● AIM OF THE EXERCISE: Reproduce every record below exactly as written, leaving out any pictures.

● SUPPLIED ENTRIES:
- - - - -

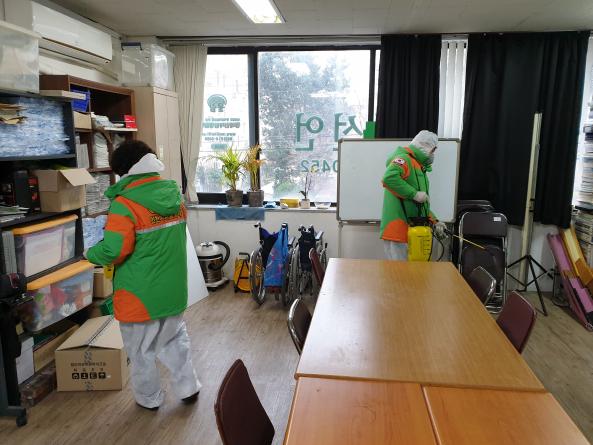 구 자원봉사센터 지역자율방재단과 주민을 사랑하는 모임 소속 자원봉사자 20여 명은 지난 17일부터 오는 27일까지 부평지역 내 다중이용시설과 단체급식소, 지역아동센터, 어린이집, 장애인시설 등 취약지역 20여 곳을 선정해 방역활동을 진행하고 있다.
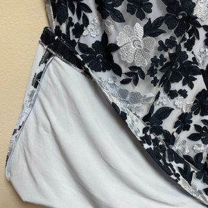 Light Blue Lining with Navy/Silver Floral Brocade Flowers
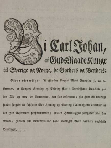 Kong Carl Johan vart krona i Storkyrkan i Stockholm 11. mai. Det norske folket var representert ved ein stortingsdeputasjon. Kroninga i Noreg følgde alt same sommar. I Grunnlova av 1814, i paragraf 12 – den såkalla kroningsparagrafen, var domkyrkja i Trondheim gjeven status som kroningskyrkja i Noreg, og den nye kongen ville nytte den lange reisa til å bli betre kjend med landet.
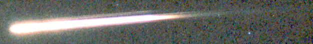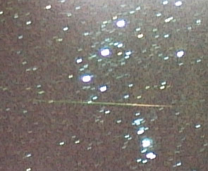 The photo was taken from the roof at Dalhousie University in Halifax, Nova Scotia, Canada. I used my Soviet Zenit-B camera with a 50mm f/1.7 lens and Kodak Gold 400 ASA film. The -6 fireball occured about 1020 UT near Orion in the southwest just as twilight was begining in the east. The Moon was still above the horizion and to the right of the area, but was covered by clouds. As I started the exposure I was distracted by another Leonid and lost count on the exposure time, which was past 40 seconds. The fireball left a 1 second trail and produced a slight terminal burst at the end. I was lucky, after the film was developed I noticed that it was on my last frame!
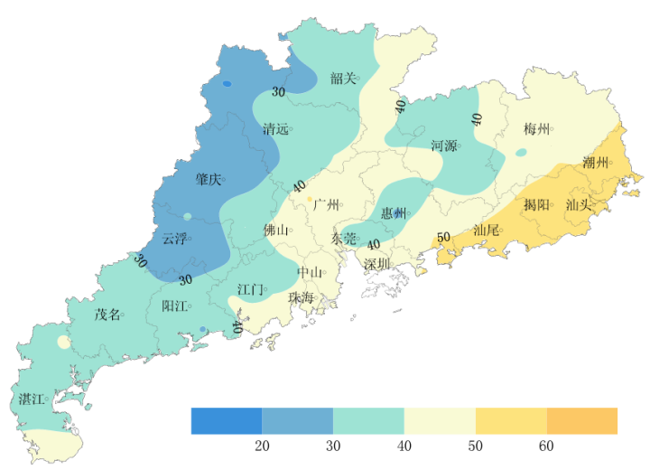 上周(12月4~10日),全省平均气温15.6℃,与常年持平,北部地区12.0~14.0℃,西南、珠江口两侧地区16.0~19.1℃,其余地区14.0~16.0℃,中东部大部正常到偏低1.8℃,其余地区正常到偏高1.1℃(图1)。平均日照时数40.2小时,与常年持平,但分布不均,中部偏东和东部大部平均日照时数40.0~59.5小时,其余地区平均日照时数19.1~40.0小时(图2)。全省平均累积降水量0.3毫米,较常年同期偏少9成以上,71%的站点周内无降水。目前,广东省荔枝、龙眼处于控梢期,春植蕉主要处于营养生长期,少数处于挂果期或可采成熟期,甘蔗处于收获期。上周温度、日照正常,降水显著偏少,光热条件利于冬种蔬菜生长、甘蔗糖分累积及蕉柑柑果膨大,但降水持续偏少,对无灌溉设施的在田作物生长及水库蓄水有不利影响。根据气象干旱监测,东南大部、中部、阳江地区出现大面积轻度气象干旱,南澳、河源、紫金、五华地区出现中度气象干旱,需持续关注。
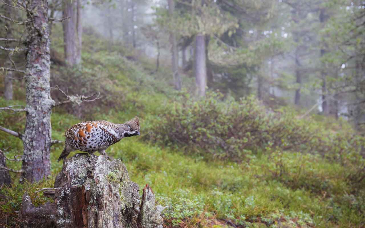 Le coppie passano l’inverno ben nascoste nella fitta foresta. Appollaiati sugli alberi, sgranocchiano i germogli e amenti di nocciolo, ontano, pioppo e salice. Le conifere forniscono copertura e protezione dai nemici naturali come l’astore. A causa della scarsa visibilità nel sottobosco parzialmente fitto, il francolino di monte ama comunicare tramite suoni di contatto, versi di allarme e il frullare delle ali quando spicca il volo.

- - - - -

● ANSWER BOX:
 구 자원봉사센터 지역자율방재단과 주민을 사랑하는 모임 소속 자원봉사자 20여 명은 지난 17일부터 오는 27일까지 부평지역 내 다중이용시설과 단체급식소, 지역아동센터, 어린이집, 장애인시설 등 취약지역 20여 곳을 선정해 방역활동을 진행하고 있다.
 Light Blue Lining with Navy/Silver Floral Brocade Flowers
 Kong Carl Johan vart krona i Storkyrkan i Stockholm 11. mai. Det norske folket var representert ved ein stortingsdeputasjon. Kroninga i Noreg følgde alt same sommar. I Grunnlova av 1814, i paragraf 12 – den såkalla kroningsparagrafen, var domkyrkja i Trondheim gjeven status som kroningskyrkja i Noreg, og den nye kongen ville nytte den lange reisa til å bli betre kjend med landet.
 The photo was taken from the roof at Dalhousie University in Halifax, Nova Scotia, Canada. I used my Soviet Zenit-B camera with a 50mm f/1.7 lens and Kodak Gold 400 ASA film. The -6 fireball occured about 1020 UT near Orion in the southwest just as twilight was begining in the east. The Moon was still above the horizion and to the right of the area, but was covered by clouds. As I started the exposure I was distracted by another Leonid and lost count on the exposure time, which was past 40 seconds. The fireball left a 1 second trail and produced a slight terminal burst at the end. I was lucky, after the film was developed I noticed that it was on my last frame!
 上周(12月4~10日),全省平均气温15.6℃,与常年持平,北部地区12.0~14.0℃,西南、珠江口两侧地区16.0~19.1℃,其余地区14.0~16.0℃,中东部大部正常到偏低1.8℃,其余地区正常到偏高1.1℃(图1)。平均日照时数40.2小时,与常年持平,但分布不均,中部偏东和东部大部平均日照时数40.0~59.5小时,其余地区平均日照时数19.1~40.0小时(图2)。全省平均累积降水量0.3毫米,较常年同期偏少9成以上,71%的站点周内无降水。目前,广东省荔枝、龙眼处于控梢期,春植蕉主要处于营养生长期,少数处于挂果期或可采成熟期,甘蔗处于收获期。上周温度、日照正常,降水显著偏少,光热条件利于冬种蔬菜生长、甘蔗糖分累积及蕉柑柑果膨大,但降水持续偏少,对无灌溉设施的在田作物生长及水库蓄水有不利影响。根据气象干旱监测,东南大部、中部、阳江地区出现大面积轻度气象干旱,南澳、河源、紫金、五华地区出现中度气象干旱,需持续关注。
 Le coppie passano l’inverno ben nascoste nella fitta foresta. Appollaiati sugli alberi, sgranocchiano i germogli e amenti di nocciolo, ontano, pioppo e salice. Le conifere forniscono copertura e protezione dai nemici naturali come l’astore. A causa della scarsa visibilità nel sottobosco parzialmente fitto, il francolino di monte ama comunicare tramite suoni di contatto, versi di allarme e il frullare delle ali quando spicca il volo.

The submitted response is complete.